Bioinformatics analyses of hsa-miR-607 and hsa-miR-641 interaction with TGFβ-RI, TGF β-RII, SMAD2, SMAD3, SAMD4 transcripts supports its regulatory effects on the TGFβ/SMAD signaling pathway

Introduction The transforming growth factor beta (TGF-β) signaling pathway plays crucial role in inflammation, immune system escape, angiogenesis and invasion /metastasis of cancer cells. The Smads are a family of intracellular mediators, has provided new Pattern for understanding mechanisms of TGF-β signaling by tumor cells. MicroRNAs (miRNAs) are short non-coding RNA molecules involved in cell proliferation, differentiation, angiogenesis, apoptosis and tumorigenesis through targeting mRNAs. Also these molecules have been linked to cancer development, and they have been recently studied as new potential biomarkers to prognosis of tumor. In this study, we aim to find miRNAs which are targeting TGF-β/SMAD signaling crucial genes. Method To find target genes, main players of TGF-β/SMAD pathway and related miRNAs, were selected based on literature and screening among total published human miRNAs. Target prediction of miRNAs was conducted by using the online tools, TargetScan, RNA-hybrid, MiRmap and DIANA-micro-T, thus hsa-miR-607 and hsa-miR-641 were selected. Also, targeting sites of this miRNAs are evolutionary conserved on 3 -UTR of their target genes. UCSC blat tool (http://genome.ucsc.edu/) analyzed the conservation status of these MREs among animals and the predicted sequences were conserved in human, chimp, rhesus, rabbit, cow, elephant and opossum.
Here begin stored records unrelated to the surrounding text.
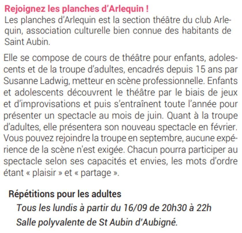 St-Aubin-Info 226 Juil.-Août-Sept. 2024 : Théâtre : Rejoignez les planches Arlequin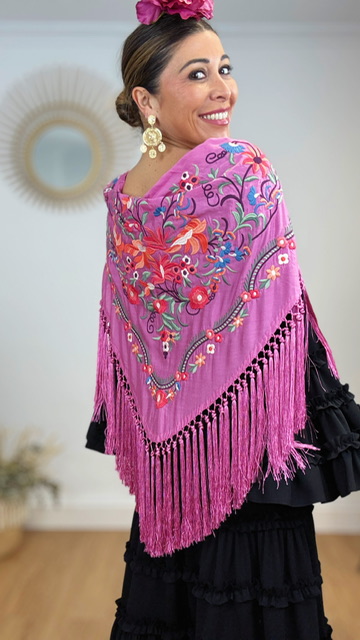 Mantón de seda en color rosa con bordados de colores. Tamaño adulto.
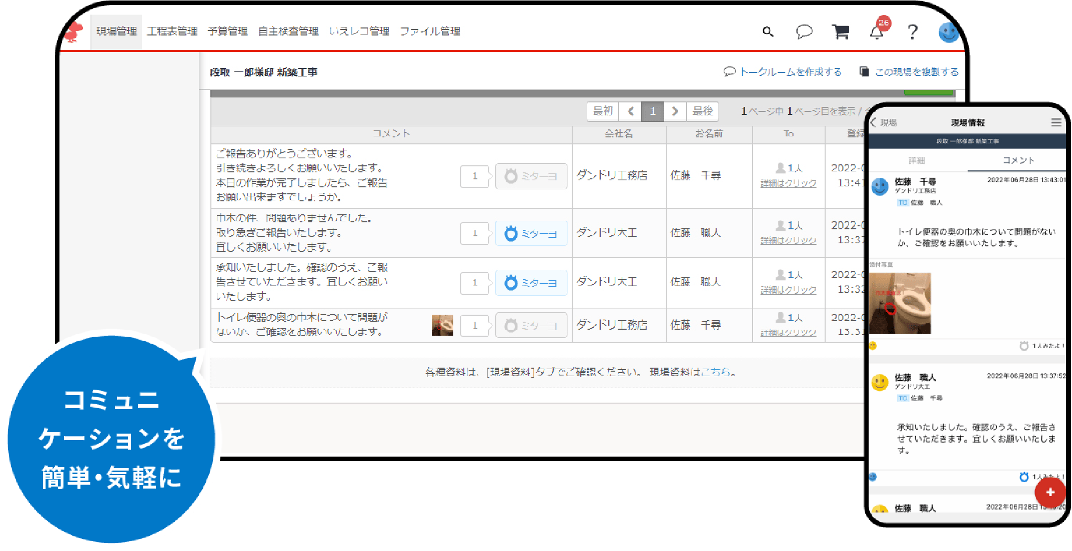 現場ごとにコメント・情報の伝達が可能です。関係者にリアルタイムに漏れなく伝わり、いつでも内容を確認できるので「言った言わない」を防げます。また、リアクション機能「ミターヨ」の利用で個人単位で閲覧したかどうかの確認も可能です。

In the next step, target genes were functionally classified and categorized in their corresponding signaling pathways by using DAVID web-site. Results We selected two miRNAs, hsa-miR-607 and hsa-miR-641 based on included criteria of abovementioned software. This miRNAs as a candidate regulators of TGFβ/SMAD signaling, because they have highest score of targeting on crucial genes. Besides, targeting sites of these two miRNAs are evolutionary conserved on 3 -UTR of their target genes. 608 / 864 Conclusions The role of the TGFβ pathway as a tumor-promoter or suppressor at the cancer cell level due to its differential effects at the early and late stages of carcinogenesis, it is still a matter of debate. Then, targeting the TGFβ pathway in cancer may be considered as a microenvironmenttargeted strategy. Numerous evidence have emphasized the essential roles of miRNAs in TGFβ/SMAD signaling pathway. Most members of the TGFβ/SMAD pathway are known to be targeted by one or more miRNA. Our bioinformatics results identified a potentially regulate of hsa-miR-607 and hsa-miR-641 in TGFβ/SMAD signaling pathway.